What you have to do>
For this exercise, write out only the lines of the entries below from the one with "Al igual que" up to and including the one with "ОК 01 ОК 02 ОК 03 ОК 05 ОК 09", exactly as they are. Pictures stay out.

Task inputs>
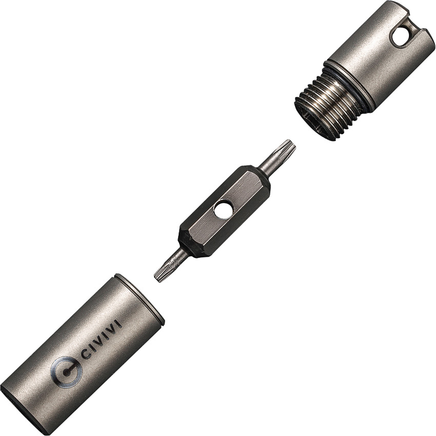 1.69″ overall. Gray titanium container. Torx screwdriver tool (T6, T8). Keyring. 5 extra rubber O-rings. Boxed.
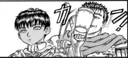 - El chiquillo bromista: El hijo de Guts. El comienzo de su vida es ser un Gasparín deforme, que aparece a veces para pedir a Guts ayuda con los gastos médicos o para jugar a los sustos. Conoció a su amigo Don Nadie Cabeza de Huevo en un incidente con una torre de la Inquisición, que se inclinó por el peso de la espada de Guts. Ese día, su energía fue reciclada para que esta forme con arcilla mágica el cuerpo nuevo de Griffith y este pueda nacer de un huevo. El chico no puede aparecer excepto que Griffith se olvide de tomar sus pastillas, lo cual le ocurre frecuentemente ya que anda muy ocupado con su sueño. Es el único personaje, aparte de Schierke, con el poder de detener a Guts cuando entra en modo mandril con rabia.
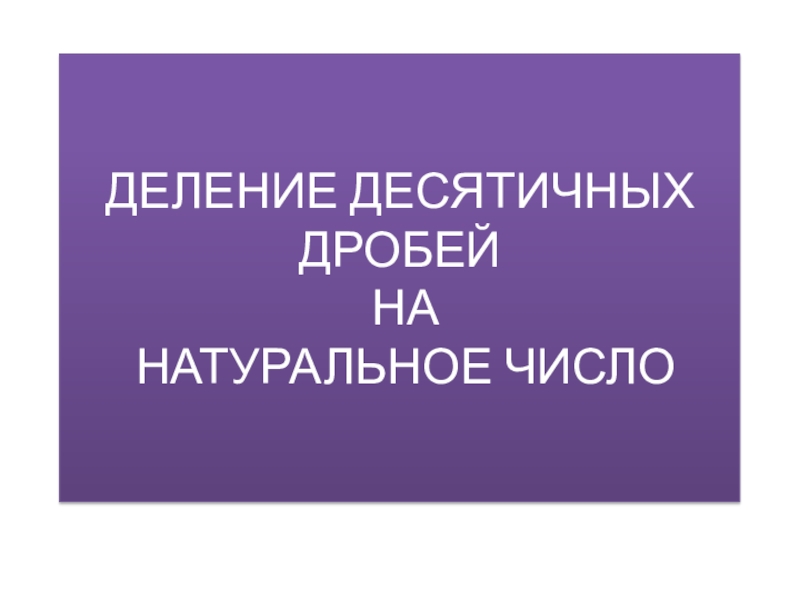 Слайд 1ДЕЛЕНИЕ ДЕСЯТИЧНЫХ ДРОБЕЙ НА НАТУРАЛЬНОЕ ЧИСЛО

---

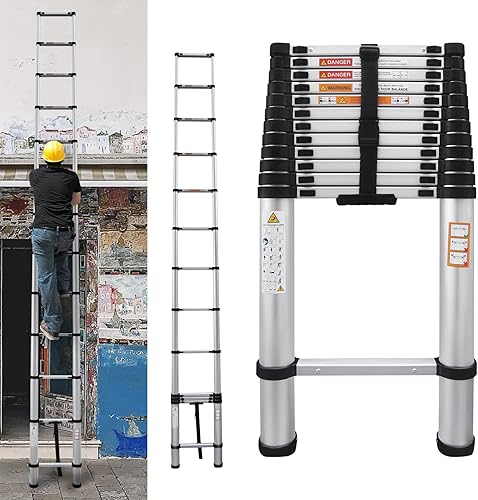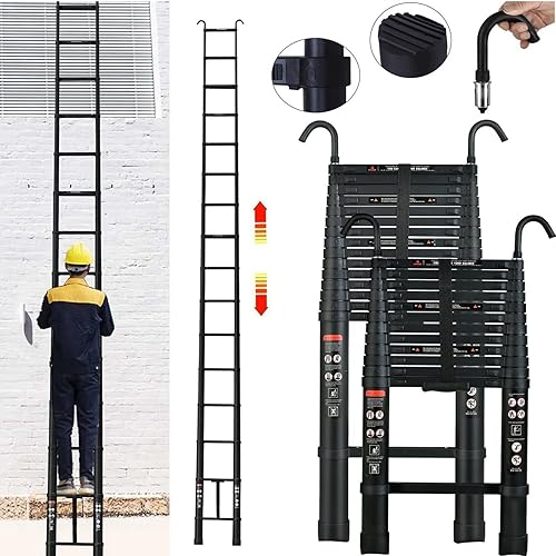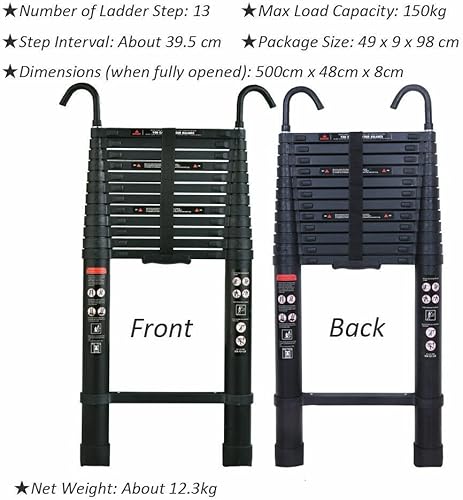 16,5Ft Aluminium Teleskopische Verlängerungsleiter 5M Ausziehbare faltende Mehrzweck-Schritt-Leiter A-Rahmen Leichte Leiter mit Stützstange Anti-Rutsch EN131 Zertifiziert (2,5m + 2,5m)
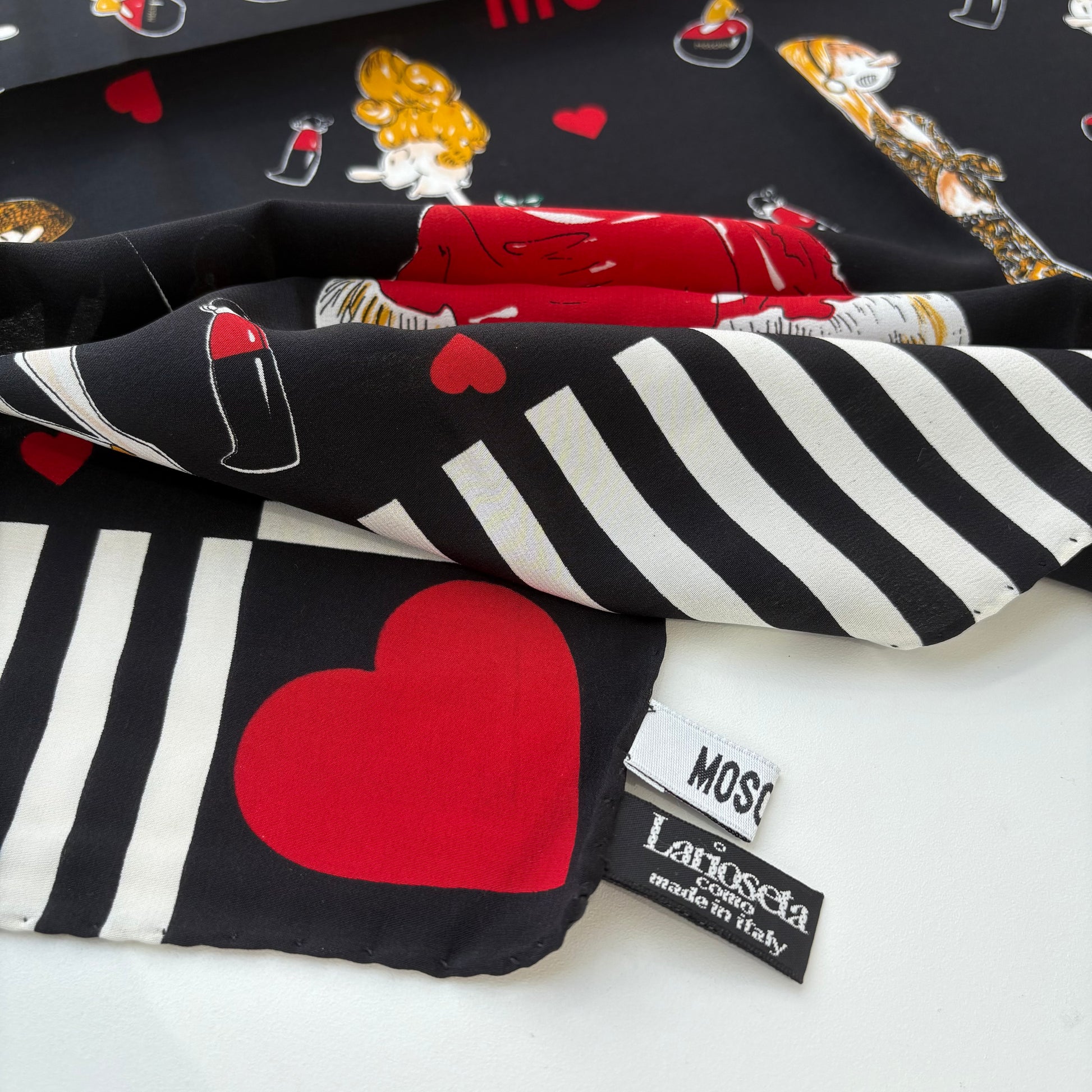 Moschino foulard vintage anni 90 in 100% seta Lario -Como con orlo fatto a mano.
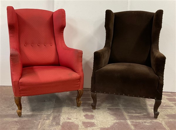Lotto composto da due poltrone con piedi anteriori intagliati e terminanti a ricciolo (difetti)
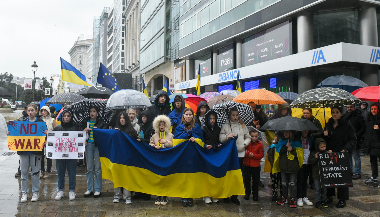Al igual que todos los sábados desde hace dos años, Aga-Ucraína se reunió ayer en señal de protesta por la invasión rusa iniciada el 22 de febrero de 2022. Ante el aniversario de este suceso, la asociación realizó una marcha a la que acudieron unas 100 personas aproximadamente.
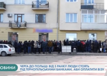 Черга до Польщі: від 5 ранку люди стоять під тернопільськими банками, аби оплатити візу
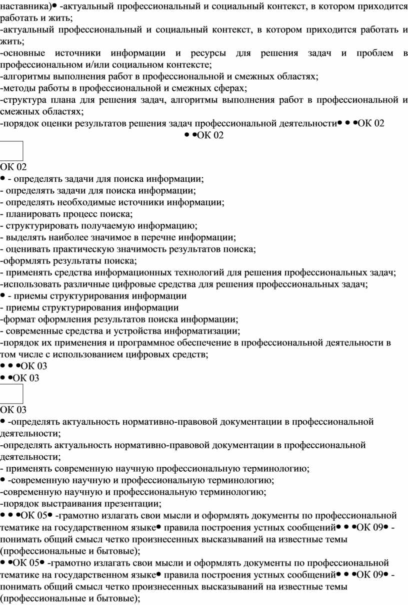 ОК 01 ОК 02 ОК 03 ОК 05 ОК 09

Completed exercise>
Al igual que todos los sábados desde hace dos años, Aga-Ucraína se reunió ayer en señal de protesta por la invasión rusa iniciada el 22 de febrero de 2022. Ante el aniversario de este suceso, la asociación realizó una marcha a la que acudieron unas 100 personas aproximadamente.
 Черга до Польщі: від 5 ранку люди стоять під тернопільськими банками, аби оплатити візу
 ОК 01 ОК 02 ОК 03 ОК 05 ОК 09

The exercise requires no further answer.